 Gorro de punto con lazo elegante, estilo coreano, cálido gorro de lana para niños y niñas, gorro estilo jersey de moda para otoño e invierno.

* * *

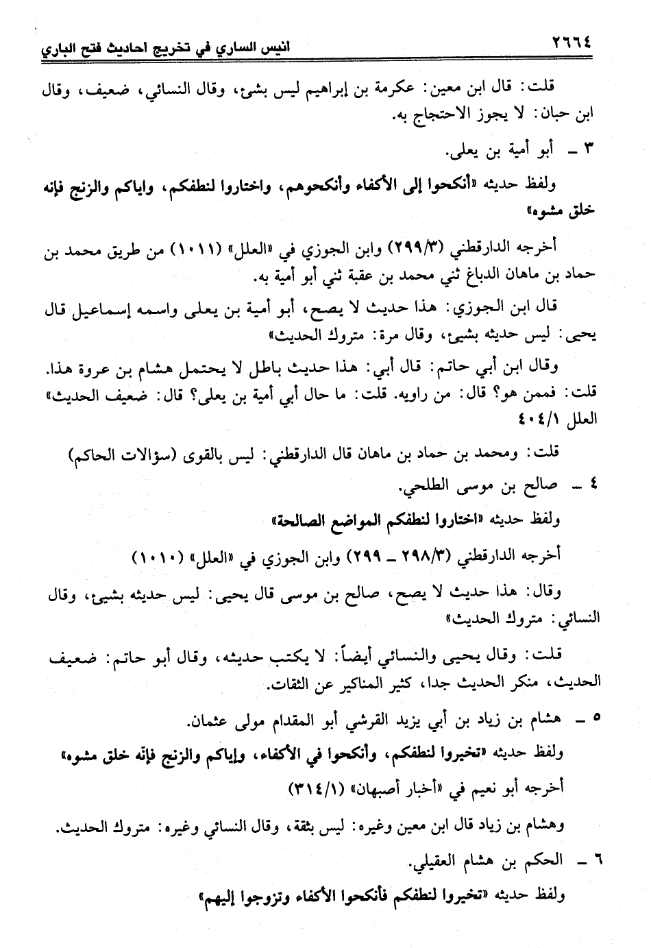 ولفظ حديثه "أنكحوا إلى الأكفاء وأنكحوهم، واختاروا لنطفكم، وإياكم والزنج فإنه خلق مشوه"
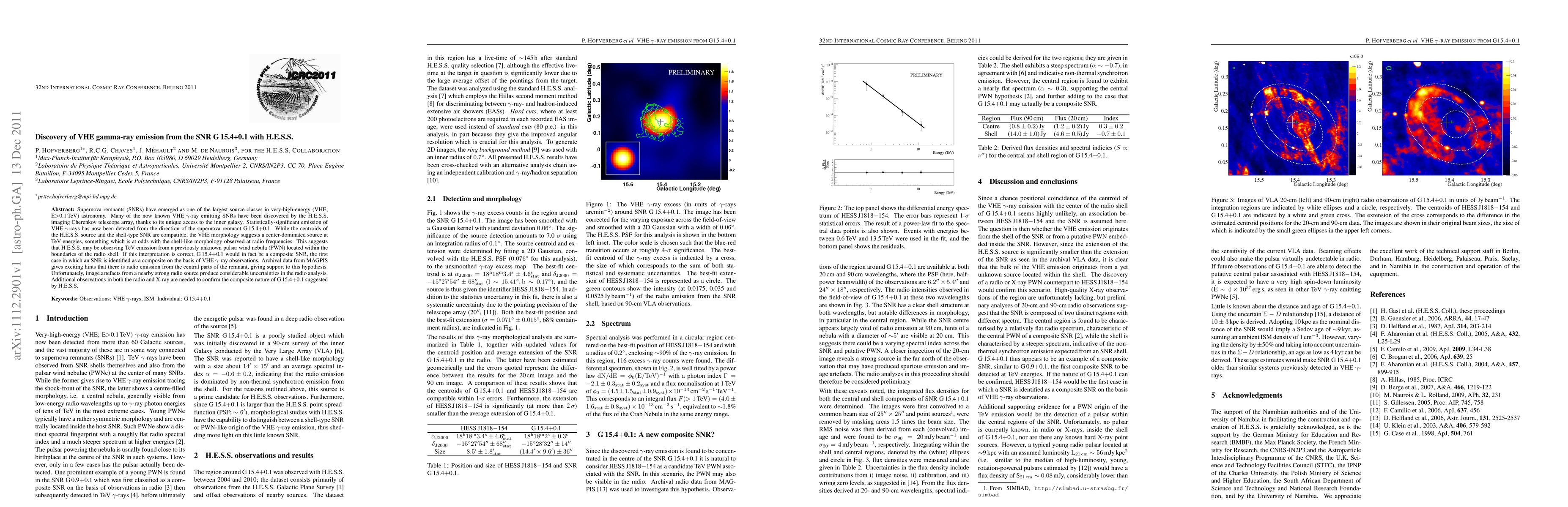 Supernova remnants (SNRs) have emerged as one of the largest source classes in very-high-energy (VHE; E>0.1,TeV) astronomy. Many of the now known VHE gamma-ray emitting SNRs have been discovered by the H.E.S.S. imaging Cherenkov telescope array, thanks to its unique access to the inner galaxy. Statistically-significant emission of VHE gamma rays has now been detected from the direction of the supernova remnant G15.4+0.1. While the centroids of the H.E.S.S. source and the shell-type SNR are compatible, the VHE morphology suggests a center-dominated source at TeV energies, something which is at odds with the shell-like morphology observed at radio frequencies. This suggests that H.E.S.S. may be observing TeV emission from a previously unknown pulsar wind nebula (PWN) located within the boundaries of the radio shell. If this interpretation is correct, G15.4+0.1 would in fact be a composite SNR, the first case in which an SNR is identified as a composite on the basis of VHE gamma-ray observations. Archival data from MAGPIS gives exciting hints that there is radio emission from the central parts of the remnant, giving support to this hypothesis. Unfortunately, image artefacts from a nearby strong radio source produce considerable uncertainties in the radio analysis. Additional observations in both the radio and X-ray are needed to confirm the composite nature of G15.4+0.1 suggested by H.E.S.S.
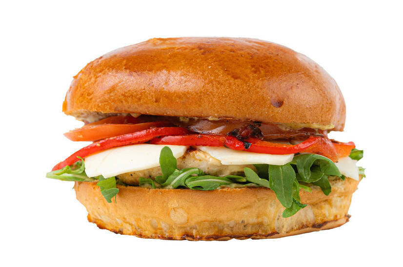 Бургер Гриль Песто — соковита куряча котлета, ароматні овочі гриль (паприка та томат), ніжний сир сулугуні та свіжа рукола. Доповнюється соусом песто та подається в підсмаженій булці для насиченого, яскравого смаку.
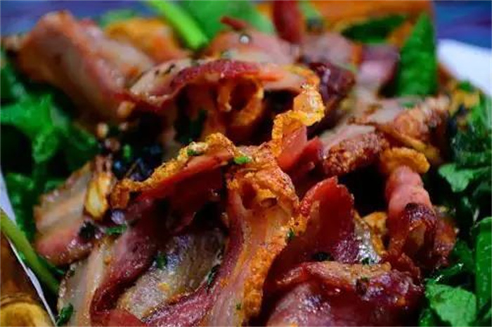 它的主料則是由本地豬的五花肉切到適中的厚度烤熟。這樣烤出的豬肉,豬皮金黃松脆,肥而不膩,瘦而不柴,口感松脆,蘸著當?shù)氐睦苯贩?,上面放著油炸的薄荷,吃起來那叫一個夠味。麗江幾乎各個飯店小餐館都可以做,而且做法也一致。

- **TASK ITEM**: Output should consist of the lines above from the one with "إلى الأكفاء وأنكحوهم،" down to the one with "它的主料則是由本地豬的五花肉", exact and without pictures.

- **TASK RESULT**:
 ولفظ حديثه "أنكحوا إلى الأكفاء وأنكحوهم، واختاروا لنطفكم، وإياكم والزنج فإنه خلق مشوه"
 Supernova remnants (SNRs) have emerged as one of the largest source classes in very-high-energy (VHE; E>0.1,TeV) astronomy. Many of the now known VHE gamma-ray emitting SNRs have been discovered by the H.E.S.S. imaging Cherenkov telescope array, thanks to its unique access to the inner galaxy. Statistically-significant emission of VHE gamma rays has now been detected from the direction of the supernova remnant G15.4+0.1. While the centroids of the H.E.S.S. source and the shell-type SNR are compatible, the VHE morphology suggests a center-dominated source at TeV energies, something which is at odds with the shell-like morphology observed at radio frequencies. This suggests that H.E.S.S. may be observing TeV emission from a previously unknown pulsar wind nebula (PWN) located within the boundaries of the radio shell. If this interpretation is correct, G15.4+0.1 would in fact be a composite SNR, the first case in which an SNR is identified as a composite on the basis of VHE gamma-ray observations. Archival data from MAGPIS gives exciting hints that there is radio emission from the central parts of the remnant, giving support to this hypothesis. Unfortunately, image artefacts from a nearby strong radio source produce considerable uncertainties in the radio analysis. Additional observations in both the radio and X-ray are needed to confirm the composite nature of G15.4+0.1 suggested by H.E.S.S.
 Бургер Гриль Песто — соковита куряча котлета, ароматні овочі гриль (паприка та томат), ніжний сир сулугуні та свіжа рукола. Доповнюється соусом песто та подається в підсмаженій булці для насиченого, яскравого смаку.
 它的主料則是由本地豬的五花肉切到適中的厚度烤熟。這樣烤出的豬肉,豬皮金黃松脆,肥而不膩,瘦而不柴,口感松脆,蘸著當?shù)氐睦苯贩?,上面放著油炸的薄荷,吃起來那叫一個夠味。麗江幾乎各個飯店小餐館都可以做,而且做法也一致。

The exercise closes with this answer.